## Description of the task
The reply needs the lines from the one containing "Магазин фильтров для" through the end of the material, each repeated exactly, and no pictures.

## Record set

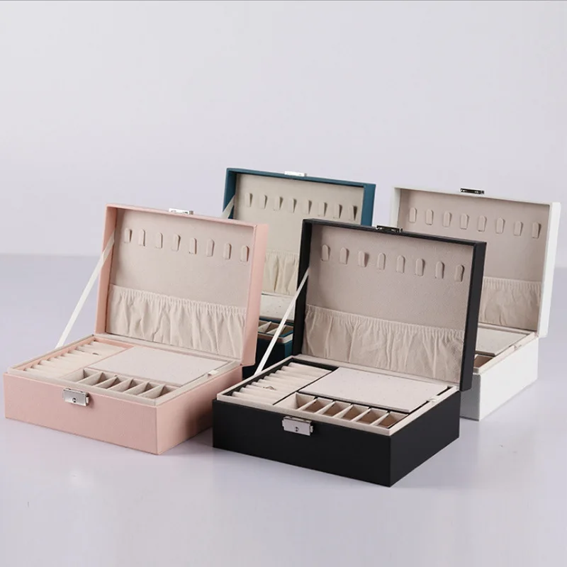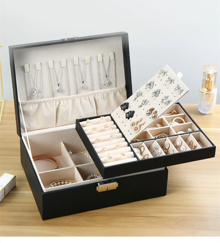 Функция: двухслойная коробка для хранения, может хранить серьги, ожерелья, браслеты, часы.
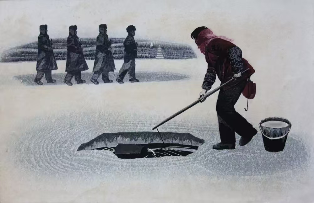 郝伯义是继张作良、晁楣、张祯麒、杜鸿年等为代表的老一辈北大荒版画家之后,带领的北大荒中青年版画创作集群,与时俱进,继往开来,以自己特定的审美体验,真切地展示了那方黑土的广袤与富饶、黑土英魂的伟岸与崇高,凸现出茫茫雪原上各个时期垦荒者、建设者们的生活、命运与心声。
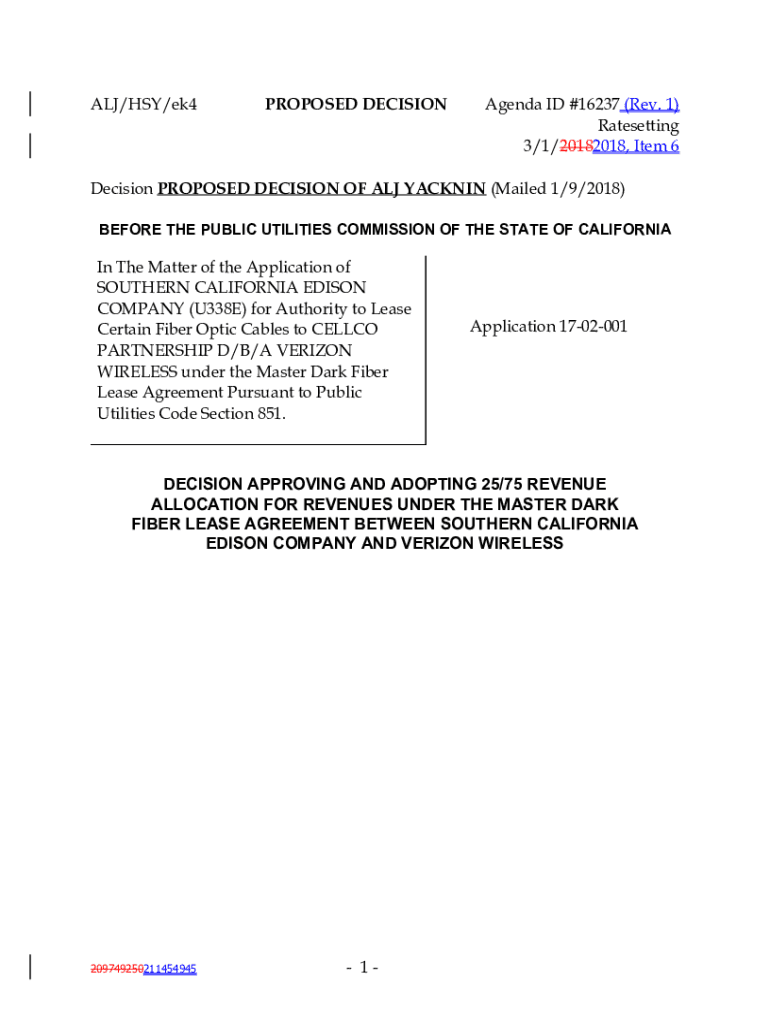 Get the free A1702001 Yacknin Comment Deck Approving and Adopting25-75 Revenue Allocation. . .Ver...
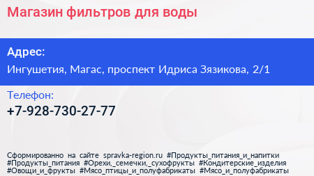 Магазин фильтров для воды по адресу Ингушетия, Магас, проспект Идриса Зязикова, 2/1 в дальнейшем Организация, размещена в следующих категориях:
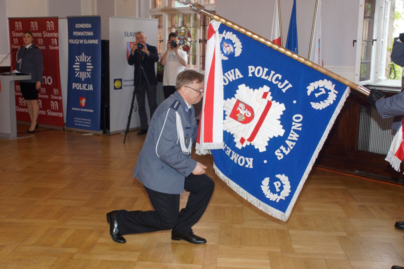 W czwartek, w obecności najbliższej rodziny, a także nadinspektora Jacka Cegieły – Komendanta Zachodniopomorskiej Policji, komendantów powiatowych, władz samorządowych oraz wielu zaproszonych gości, ze sztandarem Komendy Powiatowej Policji, oficjalnie przywitał się nadkomisarz Andrzej Kamoda – komendant KPP w Sławnie.
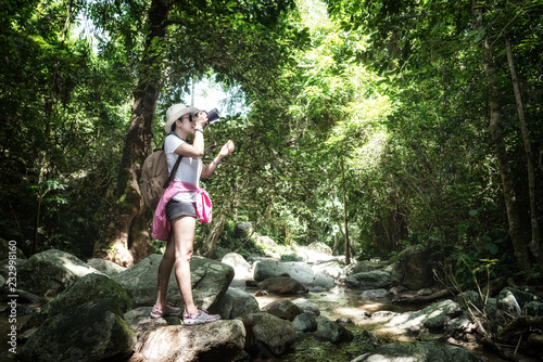 Asian hipster tourism women take a photo of waterfall in deep forest. Travel Concept.
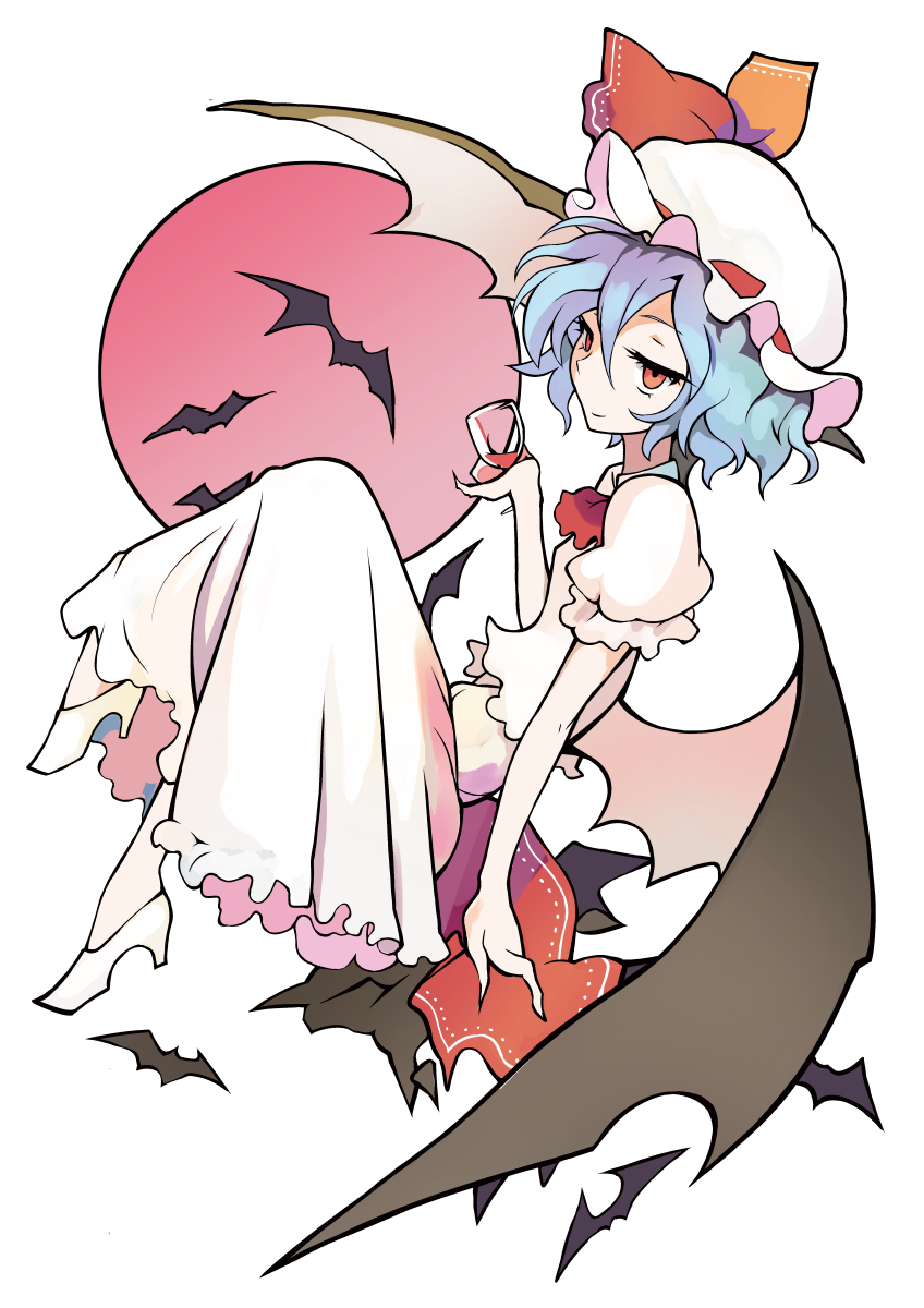 1girl bat_(animal) bat_wings blue_hair bow cup dress drinking_glass female_focus hat hat_bow high_heels highres moon red_eyes red_moon remilia_scarlet simple_background solo touhou wine_glass wings yuugiri_(u-slash)

## Answer to the problem
 Магазин фильтров для воды по адресу Ингушетия, Магас, проспект Идриса Зязикова, 2/1 в дальнейшем Организация, размещена в следующих категориях:
 W czwartek, w obecności najbliższej rodziny, a także nadinspektora Jacka Cegieły – Komendanta Zachodniopomorskiej Policji, komendantów powiatowych, władz samorządowych oraz wielu zaproszonych gości, ze sztandarem Komendy Powiatowej Policji, oficjalnie przywitał się nadkomisarz Andrzej Kamoda – komendant KPP w Sławnie.
 Asian hipster tourism women take a photo of waterfall in deep forest. Travel Concept.
 1girl bat_(animal) bat_wings blue_hair bow cup dress drinking_glass female_focus hat hat_bow high_heels highres moon red_eyes red_moon remilia_scarlet simple_background solo touhou wine_glass wings yuugiri_(u-slash)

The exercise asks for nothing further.